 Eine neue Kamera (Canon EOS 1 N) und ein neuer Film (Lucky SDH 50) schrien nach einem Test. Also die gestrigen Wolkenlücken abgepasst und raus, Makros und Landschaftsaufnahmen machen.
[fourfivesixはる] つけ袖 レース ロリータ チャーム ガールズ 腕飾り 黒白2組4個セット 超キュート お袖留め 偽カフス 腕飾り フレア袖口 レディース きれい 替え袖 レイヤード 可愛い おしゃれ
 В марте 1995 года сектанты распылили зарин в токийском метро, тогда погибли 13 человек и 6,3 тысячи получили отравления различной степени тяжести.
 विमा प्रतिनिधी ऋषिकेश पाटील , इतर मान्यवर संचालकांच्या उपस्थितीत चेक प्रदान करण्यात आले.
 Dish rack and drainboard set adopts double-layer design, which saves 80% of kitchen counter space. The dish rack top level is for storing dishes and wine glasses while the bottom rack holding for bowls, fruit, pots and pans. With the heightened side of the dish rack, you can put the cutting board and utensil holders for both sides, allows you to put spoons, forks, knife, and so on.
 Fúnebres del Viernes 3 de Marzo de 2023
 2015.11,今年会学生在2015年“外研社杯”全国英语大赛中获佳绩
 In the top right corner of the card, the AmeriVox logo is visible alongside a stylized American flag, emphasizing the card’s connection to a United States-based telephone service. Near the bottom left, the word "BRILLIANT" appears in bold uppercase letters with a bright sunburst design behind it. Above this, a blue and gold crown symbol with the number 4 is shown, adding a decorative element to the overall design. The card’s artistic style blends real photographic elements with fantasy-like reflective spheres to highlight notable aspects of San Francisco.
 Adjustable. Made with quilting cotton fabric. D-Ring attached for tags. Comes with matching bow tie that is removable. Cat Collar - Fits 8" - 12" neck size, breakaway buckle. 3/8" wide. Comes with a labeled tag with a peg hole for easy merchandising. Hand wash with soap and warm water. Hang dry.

---

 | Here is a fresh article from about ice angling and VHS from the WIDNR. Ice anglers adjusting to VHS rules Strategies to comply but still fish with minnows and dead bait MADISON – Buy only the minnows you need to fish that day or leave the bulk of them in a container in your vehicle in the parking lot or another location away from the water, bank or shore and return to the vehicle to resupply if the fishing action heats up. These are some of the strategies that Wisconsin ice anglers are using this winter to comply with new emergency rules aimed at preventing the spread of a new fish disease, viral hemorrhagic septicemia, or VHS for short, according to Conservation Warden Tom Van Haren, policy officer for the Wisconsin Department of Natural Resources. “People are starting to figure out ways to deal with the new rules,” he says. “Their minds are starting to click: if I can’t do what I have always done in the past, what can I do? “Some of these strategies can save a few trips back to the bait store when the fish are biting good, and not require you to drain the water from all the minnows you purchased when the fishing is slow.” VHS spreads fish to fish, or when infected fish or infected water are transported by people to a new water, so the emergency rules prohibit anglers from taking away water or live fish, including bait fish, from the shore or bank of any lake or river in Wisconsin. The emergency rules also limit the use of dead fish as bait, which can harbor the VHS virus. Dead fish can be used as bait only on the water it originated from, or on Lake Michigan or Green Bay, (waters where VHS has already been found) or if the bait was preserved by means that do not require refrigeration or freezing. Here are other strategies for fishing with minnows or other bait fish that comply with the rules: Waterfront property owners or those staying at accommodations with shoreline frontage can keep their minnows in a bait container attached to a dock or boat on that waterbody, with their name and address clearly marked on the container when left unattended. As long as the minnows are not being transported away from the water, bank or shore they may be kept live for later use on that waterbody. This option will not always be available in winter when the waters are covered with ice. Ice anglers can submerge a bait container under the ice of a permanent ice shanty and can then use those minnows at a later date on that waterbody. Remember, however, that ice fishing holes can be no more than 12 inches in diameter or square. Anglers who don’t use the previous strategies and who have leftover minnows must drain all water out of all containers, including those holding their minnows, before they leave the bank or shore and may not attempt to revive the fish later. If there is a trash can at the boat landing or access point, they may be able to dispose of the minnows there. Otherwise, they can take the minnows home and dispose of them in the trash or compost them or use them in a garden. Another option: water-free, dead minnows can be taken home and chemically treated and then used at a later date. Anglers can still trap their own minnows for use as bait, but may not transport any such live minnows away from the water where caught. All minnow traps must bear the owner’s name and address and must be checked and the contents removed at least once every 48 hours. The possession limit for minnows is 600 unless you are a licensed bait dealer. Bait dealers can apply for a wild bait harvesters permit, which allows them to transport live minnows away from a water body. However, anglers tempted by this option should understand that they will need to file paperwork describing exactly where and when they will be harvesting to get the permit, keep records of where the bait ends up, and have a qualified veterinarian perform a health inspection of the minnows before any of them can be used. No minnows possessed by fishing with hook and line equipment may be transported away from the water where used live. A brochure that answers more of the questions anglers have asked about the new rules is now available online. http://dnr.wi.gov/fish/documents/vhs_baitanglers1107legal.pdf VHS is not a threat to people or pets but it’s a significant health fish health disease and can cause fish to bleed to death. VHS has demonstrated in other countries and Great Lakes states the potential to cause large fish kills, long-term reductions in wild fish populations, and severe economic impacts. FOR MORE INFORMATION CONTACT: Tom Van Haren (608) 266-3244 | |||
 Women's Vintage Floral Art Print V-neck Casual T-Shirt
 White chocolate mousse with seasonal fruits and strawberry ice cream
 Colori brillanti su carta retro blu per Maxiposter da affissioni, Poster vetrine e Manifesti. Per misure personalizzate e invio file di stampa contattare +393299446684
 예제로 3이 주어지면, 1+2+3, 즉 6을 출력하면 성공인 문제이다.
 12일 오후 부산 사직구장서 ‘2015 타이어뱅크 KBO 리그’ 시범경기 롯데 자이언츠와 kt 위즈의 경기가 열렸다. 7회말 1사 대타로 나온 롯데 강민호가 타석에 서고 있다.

...

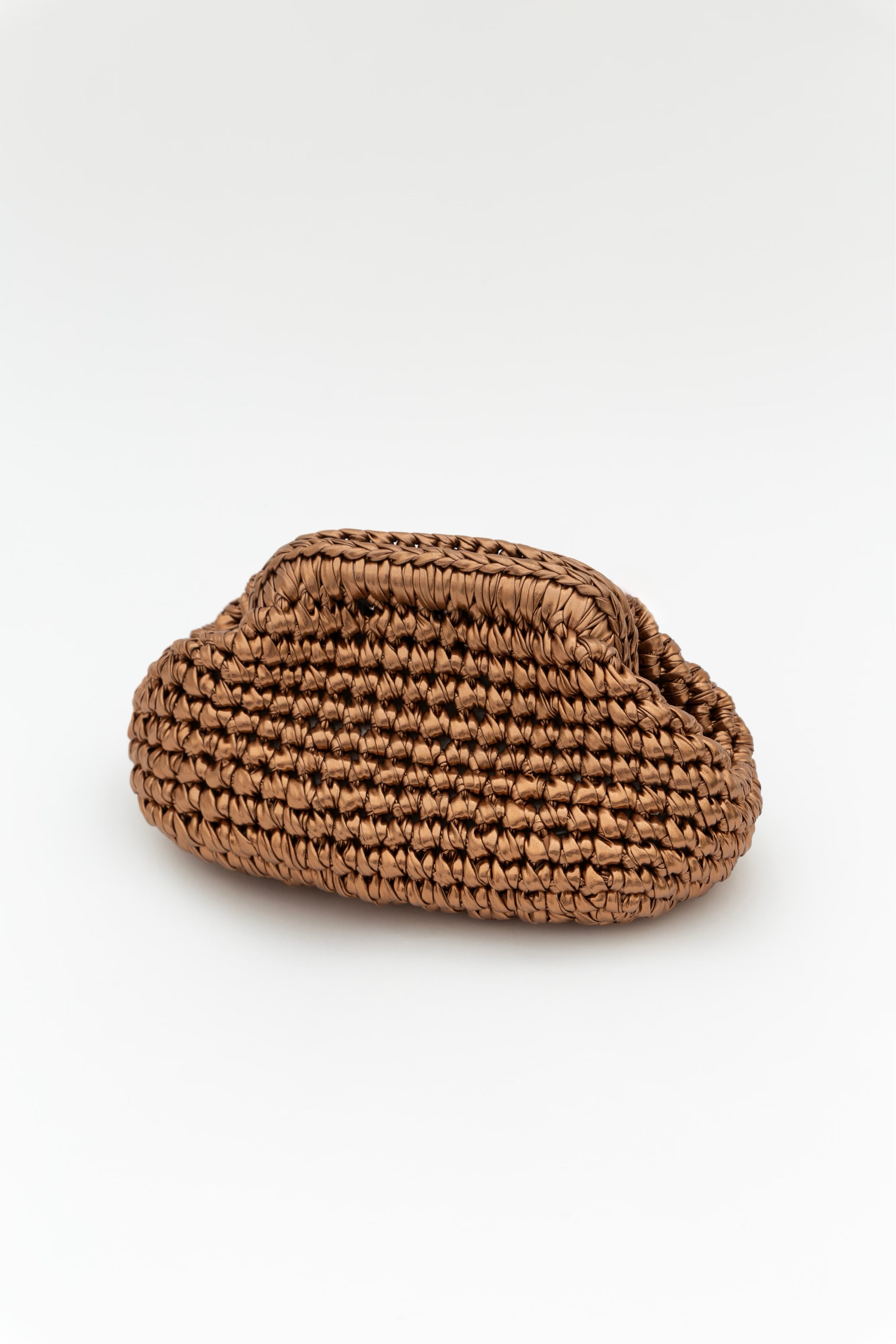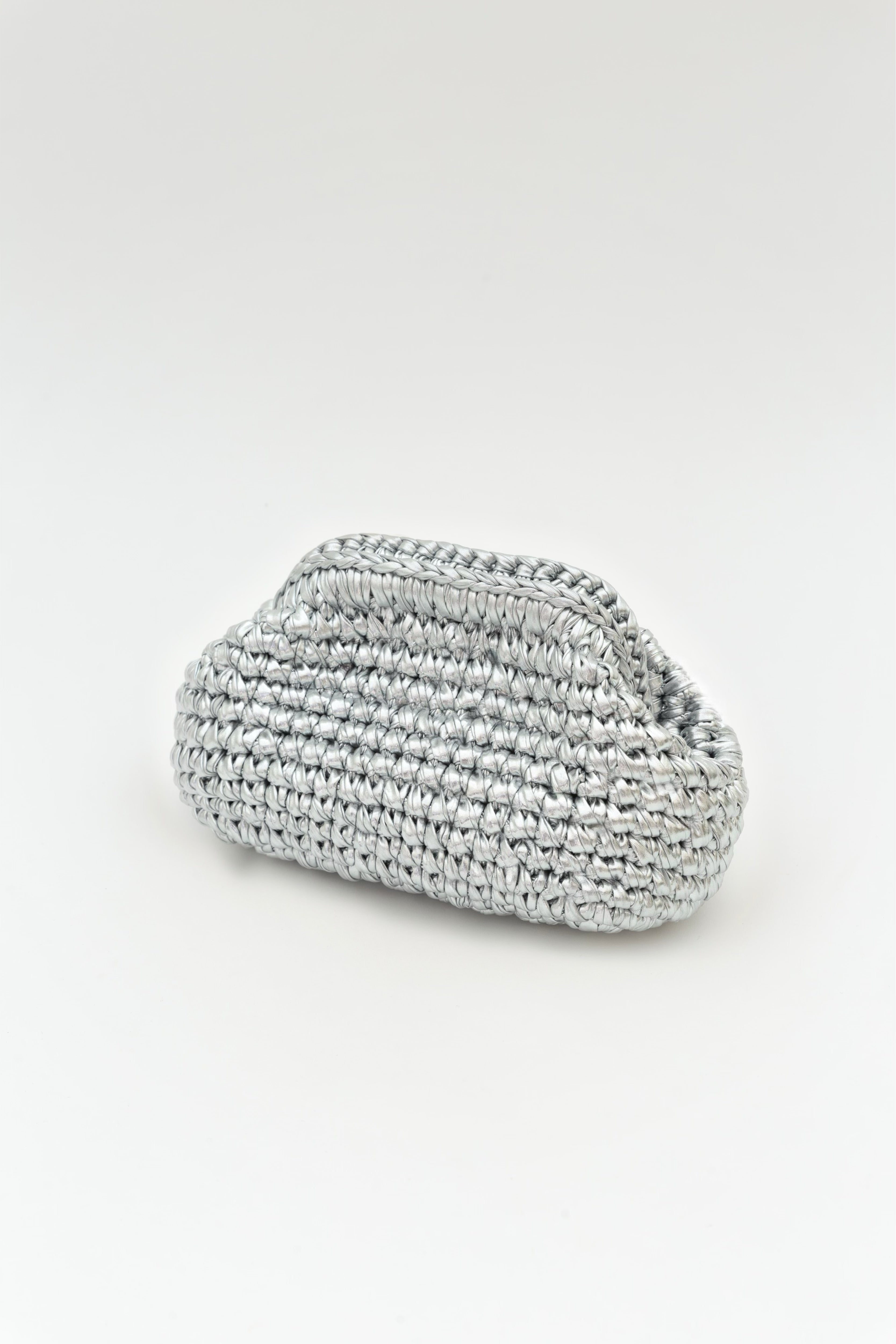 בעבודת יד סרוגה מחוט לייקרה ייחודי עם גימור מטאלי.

# TO DO:
Copy out, from the material above, each line in which the string "neck" is found.

# TASK RESPONSE:
 Adjustable. Made with quilting cotton fabric. D-Ring attached for tags. Comes with matching bow tie that is removable. Cat Collar - Fits 8" - 12" neck size, breakaway buckle. 3/8" wide. Comes with a labeled tag with a peg hole for easy merchandising. Hand wash with soap and warm water. Hang dry.
 Women's Vintage Floral Art Print V-neck Casual T-Shirt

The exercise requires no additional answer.